In preparation for initiation of clinical studies of Carbavance in infected patients, studies were conducted in an in vitro hollow fiber pharmacodynamic model of infection due to KPC-producing Enterobacteriaceae. The hollow fiber (HF) bioreactor system allows one to model human pharmacokinetics of drugs (determined in Phase 1 clinical trials) and enables exploration of various dosing regimens and their effect on bacterial growth, killing and resistance development in advance of patient studies. Using several KPC-producing strains of Klebsiella pneumonia with varying MICs to meropenem alone (32-512 mg/L) and in the presence of RPX7009 (≤0.06 – 8 mg/L) we found that the simulated human exposures of meropenem 2 g /RPX7009 2 g dosed as 3h infusions every 8 h was capable of highly efficient killing: the number of viable cells after the treatment was generally reduced by more than 10,000-fold (Tarazi et al., ICAAC 2014). Rare survivors, generally, 50-100 colonies of each strain, were collected to answer the question whether or not resistant mutants have been selected.

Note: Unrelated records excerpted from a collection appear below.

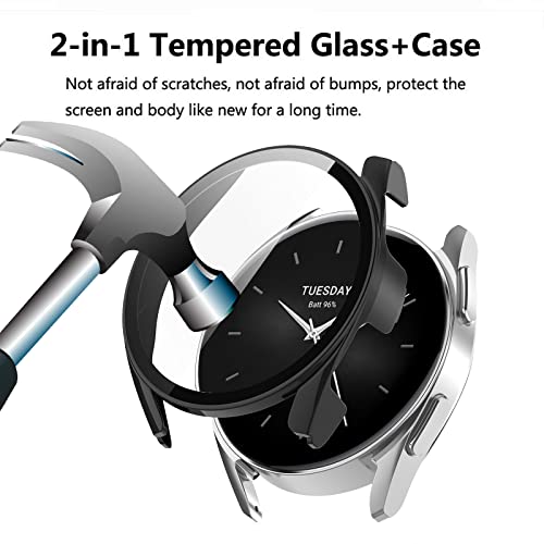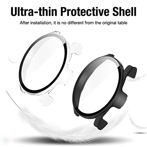 - Full protection: 2-in-1 hard plastic case with built-in ultra-thin clear glass screen protector. Made of high quality hard PC and shatterproof tempered glass, this case completely covers the entire front and curved edges of the watch, providing 360 degree protection for your watch against scratches, drops and bumps.
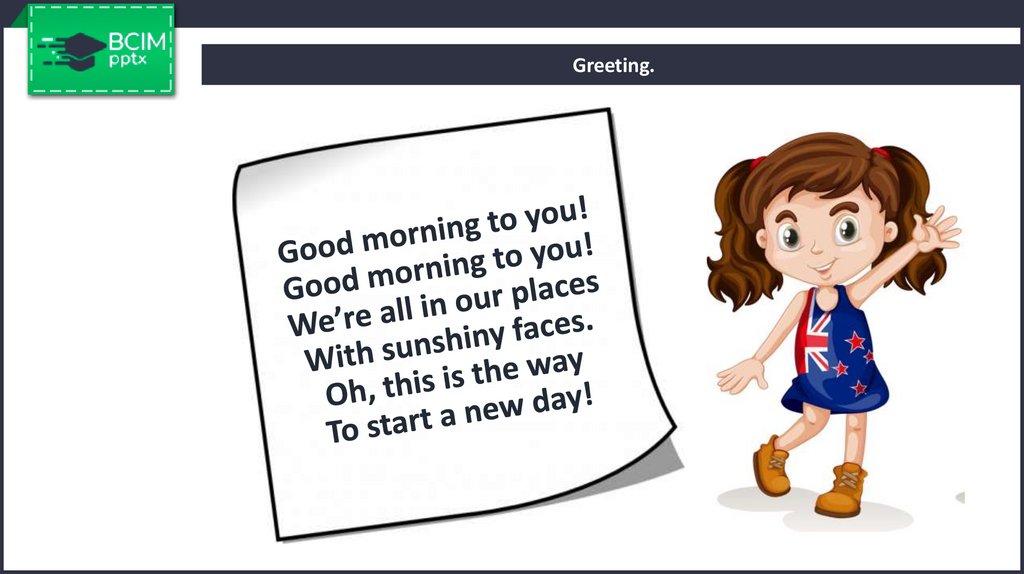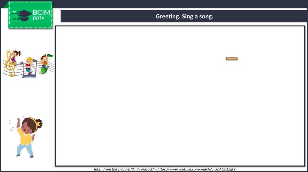Greeting. Sing a song.Taken from the channel “Andy Pidcock” - https://www.youtube.com/watch?v=XbA69LOZjtY
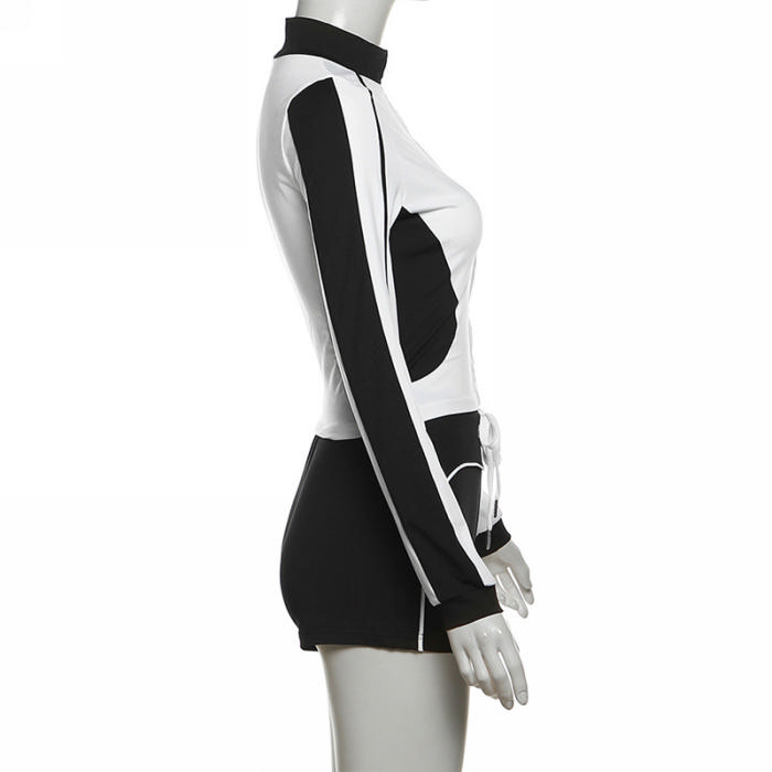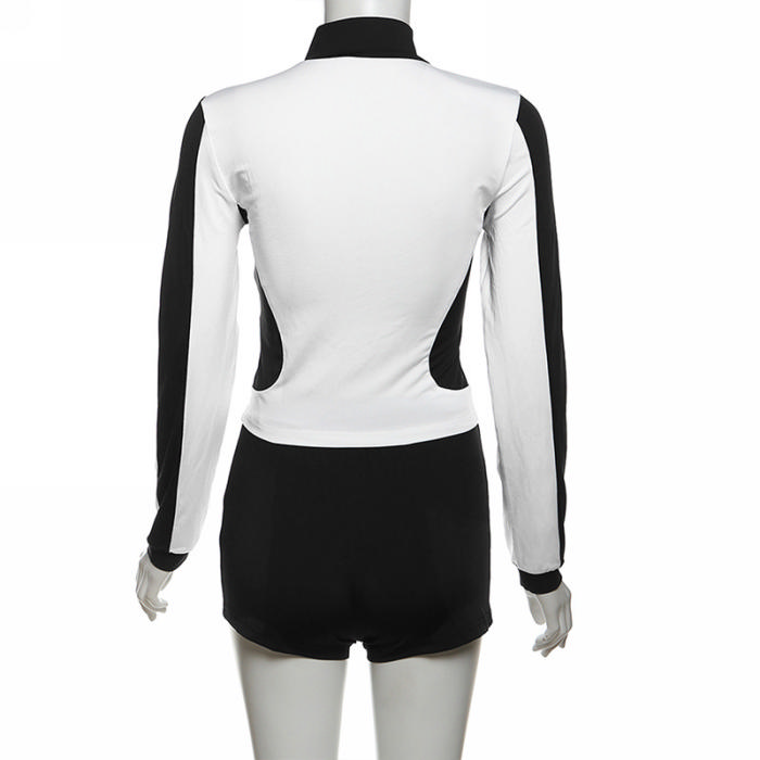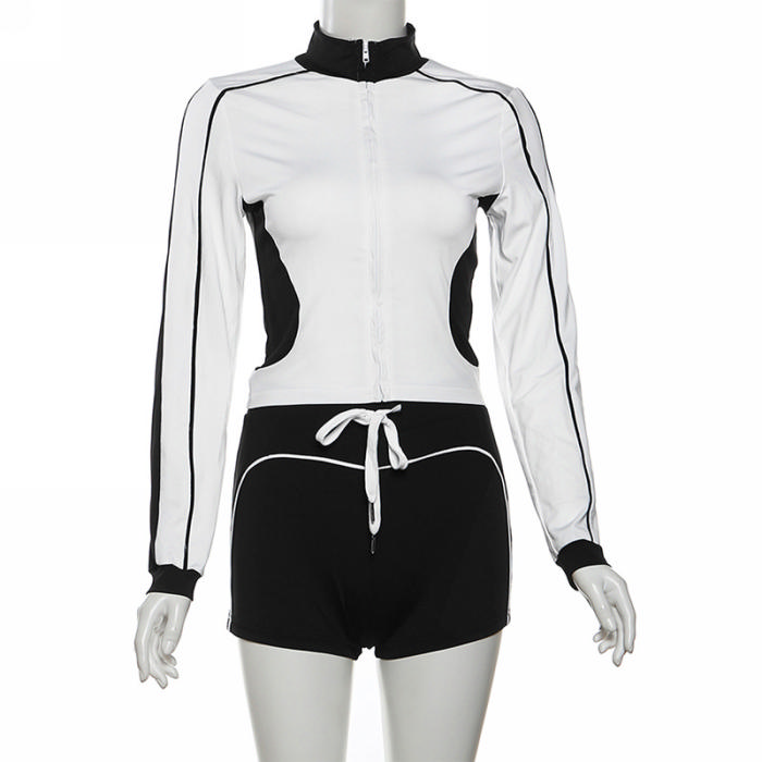 (Real Image)2024 Styles Women Stand-Out Collared Color-Blocked Zippered Sports Shorts Set with a Bold EdgeSKU: #CF83430-1

Analysis of the isolates demonstrated no selection of resistance. Moreover, it was discovered that 5-10 of survivors had become sensitive to carbapenems, similar to wild-type strains that do not produce any carbapenemase at all (MER MIC≤1 µg/ml). We used PCR to examine the isolates that lost carbapenem resistance for the presence of the KPC gene, the presence of transposon Tn4401, and the presence of plasmids that carried KPC in our strains. Since PCR primers failed to amplify either the KPC gene or Tn4401, we concluded that both of them were lost from cells that became sensitive to carbapenems. As for plasmids, PCR establishing that 1) most of the strains that were used in the study contained multiple plasmids, 2) that only one plasmid per strain carried the KPC gene, and 3) that the entire KPC-plasmid was lost in cells that became sensitive to meropenem after the exposure to carbavance.

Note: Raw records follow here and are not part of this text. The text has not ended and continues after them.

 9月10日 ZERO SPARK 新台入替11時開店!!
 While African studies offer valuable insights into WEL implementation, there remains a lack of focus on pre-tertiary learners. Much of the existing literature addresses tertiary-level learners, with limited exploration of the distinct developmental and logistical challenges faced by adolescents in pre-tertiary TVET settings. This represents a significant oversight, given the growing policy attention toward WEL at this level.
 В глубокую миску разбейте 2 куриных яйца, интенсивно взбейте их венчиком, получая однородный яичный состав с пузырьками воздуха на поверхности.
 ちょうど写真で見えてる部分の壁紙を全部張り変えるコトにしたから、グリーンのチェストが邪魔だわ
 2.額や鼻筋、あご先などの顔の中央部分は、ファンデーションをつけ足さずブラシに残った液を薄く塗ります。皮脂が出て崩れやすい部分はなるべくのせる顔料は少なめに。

Next, we tried to re-introduce the lost KPC plasmid back into these meropenem sensitive strains through bacterial mating (i.e., conjugation) using as plasmid donors, the original KPC-producing meropenem resistant strains that were not exposed to Carbavance. Multiple attempts to do this failed despite the fact that the same donor strains were perfectly capable to donate their plasmids to other mating partners. Thus these strains not only had lost the gene producing the β-lactamase, but had also the capability to resist introduction of new genes.

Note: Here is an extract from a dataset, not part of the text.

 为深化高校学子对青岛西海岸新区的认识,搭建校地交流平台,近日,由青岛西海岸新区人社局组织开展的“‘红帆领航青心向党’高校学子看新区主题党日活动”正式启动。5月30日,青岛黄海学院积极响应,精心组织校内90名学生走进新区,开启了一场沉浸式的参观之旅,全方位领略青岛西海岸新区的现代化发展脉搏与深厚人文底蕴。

In conclusion, our preliminary results indicate that 5-10% of cells of KPC-producing strains of K. pneumonia that survived exposure to Carbavance in vitro became sensitive to carbapenems and other β-lactam antibiotics due to the elimination of the entire KPC plasmid. The loss of the KPC plasmids did not appear to be easily restored by re-introducing plasmids from other survivors still holding to their KPCs. The implications of these observations on clinical outcomes and epidemiology are not known but follow up analyses in patients with infection due to KPC-producing Enterobacteriaceae treated with Carbavance are planned.
This project has been funded in whole or in part with Federal funds from the Department of Health and Human Services; Office of the Assistant Secretary for Preparedness and Response; Biomedical Advanced Research and Development Authority, under Contract No. HHSO100201400002C.